Xäls eG, Tübingen: Ein Netzwerk zur Erzeugung nachhaltiger, regionaler Lebensmittel. Was in der Region Neckar-Alb erzeugt werden kann, soll auch hier erzeugt, verarbeitet und verkauft werden, heißt es in der Erklärung der Xäls-Genossenschaft. „Die Wertschöpfung geschieht und bleibt vor Ort.“

Mein Dorfladen Rosenberg eG: Eröffnung am 18. November 2020 – wegen Corona ohne feierlichen Eröffnungsempfang. Nach 5 Jahren Vakanz wurde die Nahversorgung in Rosenberg (Ostalbkreis) wieder hergestellt. Auch eine Postfiliale soll eingebunden werden.

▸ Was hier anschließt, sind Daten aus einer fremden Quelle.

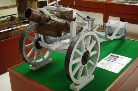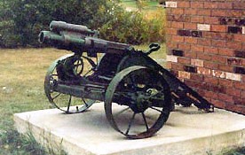 .45-inch calibre Gatling Gun, mounted on a wood wheeled carriage. Gatling Guns were used in the engagements at Cut Knife and Batoche in 1885.
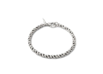 Classica e rivisitata, questa catena treccia in argento si trasforma in un bracciale sobrio e comodissimo da indossare. Tutta l'eleganza e la luminosità di un metallo nobile che non invecchia mai. Fatto a mano in azienda.

Genossenschaften legen 2020 zu

Die Genossenschaften in Baden-Württemberg sind bisher sehr ordentlich durch die Corona-Pandemie gekommen: So haben die Umsätze der 622 (2019: 630) Waren- und Dienstleistungsgenossenschaften im Südwesten im vergangenen Jahr um 2,8 Prozent auf 9,12 Milliarden Euro zugelegt.

„Unsere Mitgliedsunternehmen haben sich mit aller Kraft und viel Krea-tivität gegen die Folgen der Krise gestemmt“, sagt Dr. Roman Glaser, Präsident des Baden-Württembergischen Genossenschaftsverbands (BWGV), bei der digitalen Jahres-Pressekonferenz des Verbands.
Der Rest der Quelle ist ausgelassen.